O que torna o Delta do Okavango único em Botsuana
O Delta do Okavango, no noroeste do Botsuana, é uma das maiores anomalias geográficas do planeta: um imenso pântano que floresce no coração de um deserto. Ao contrário da esmagadora maioria dos deltas do mundo, não desagua no mar. As águas do Rio Okavango, nascidas nas terras altas de Angola, percorrem mais de mil quilómetros para morrer, evaporar e infiltrar-se nas areias do Kalahari, criando um oásis vivo que muda de tamanho ao ritmo das estações. Reconhecido pela UNESCO como o 1000.º sítio inscrito na Lista do Património Mundial, em 2014, o delta combina uma geologia rara, um calendário de cheias invertido e uma das maiores concentrações de fauna de África. Em 2026, fortes chuvas em Angola e no próprio Botsuana anunciam uma das cheias mais extensas das últimas décadas, recordando por que motivo este ecossistema continua a ser estudado e admirado.

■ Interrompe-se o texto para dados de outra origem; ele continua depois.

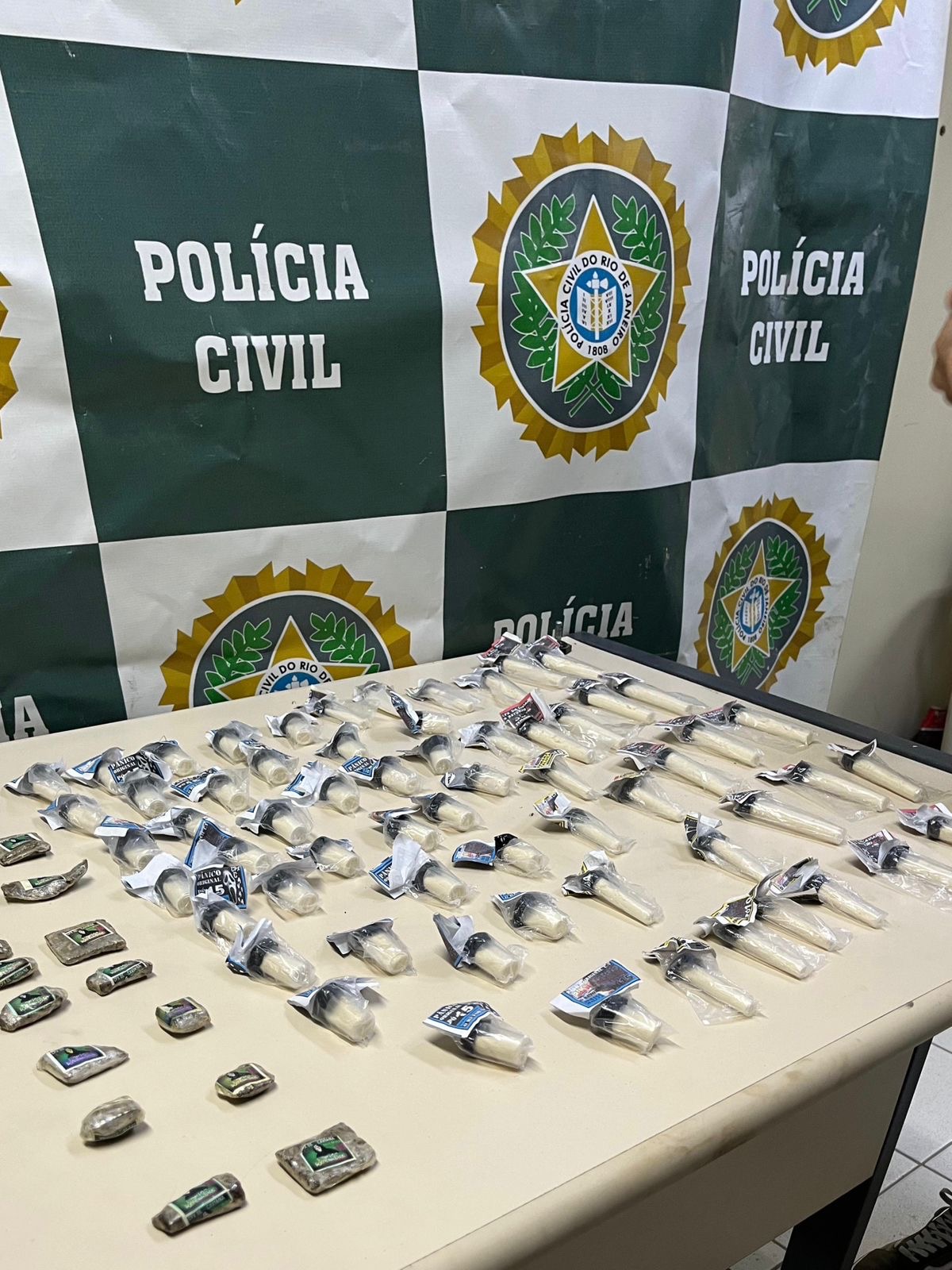 Um dos familiares autorizou a entrada dos policiais na residência. No guarda roupa, foram encontrados 63 pinos de cocaína e 11 tabletes de maconha com a marca da facção Comando Vermelho. Os materiais foram levados para a delegacia, onde o caso foi registrado.
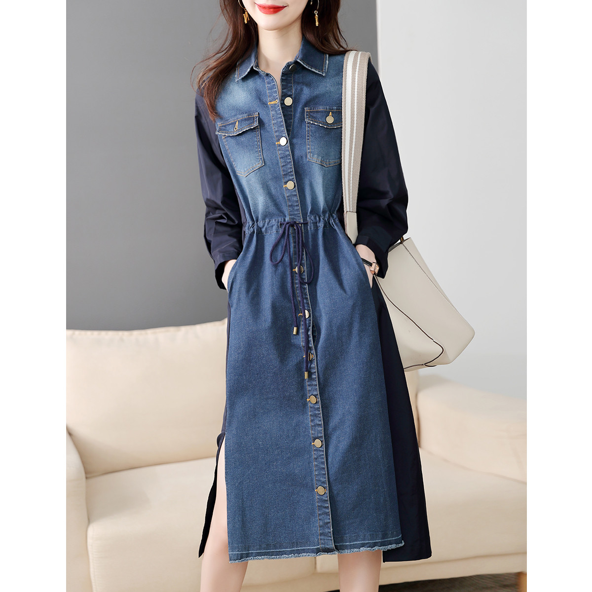 【牛仔拼接】秋系带九分灯笼袖开衩连衣裙秋季女长袖 792001
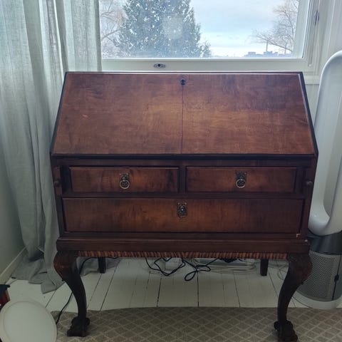 Klaffilipasto hyvänä käytettynä. Lipasto seisoo irrotettavan jalustan päällä — jalustan voi halutessaan poistaa ja asentaa omat jalat. Myös ilman jalustaa erittäin tukeva.

Um delta que não chega ao mar
A característica mais fundamental do Okavango é ser um delta endorreico, ou seja, interior. A bacia não tem saída para nenhum oceano. O Rio Okavango entra no Botsuana vindo de Angola, atravessa a Faixa de Caprivi (Namíbia) e espalha-se em leque sobre o deserto do Kalahari, formando um dos poucos grandes sistemas de delta interior do mundo que se mantém quase intacto.
Dependendo da época e da intensidade das cheias, a área inundada oscila entre cerca de 6000 e 22 000 quilómetros quadrados, fazendo dele o maior delta interior do planeta. Praticamente toda a água que aqui chega acaba por se perder por evaporação e transpiração das plantas, ou por infiltração no subsolo arenoso. Quase nada regressa a um curso de água permanente. É, no fundo, um rio que se dissolve no deserto.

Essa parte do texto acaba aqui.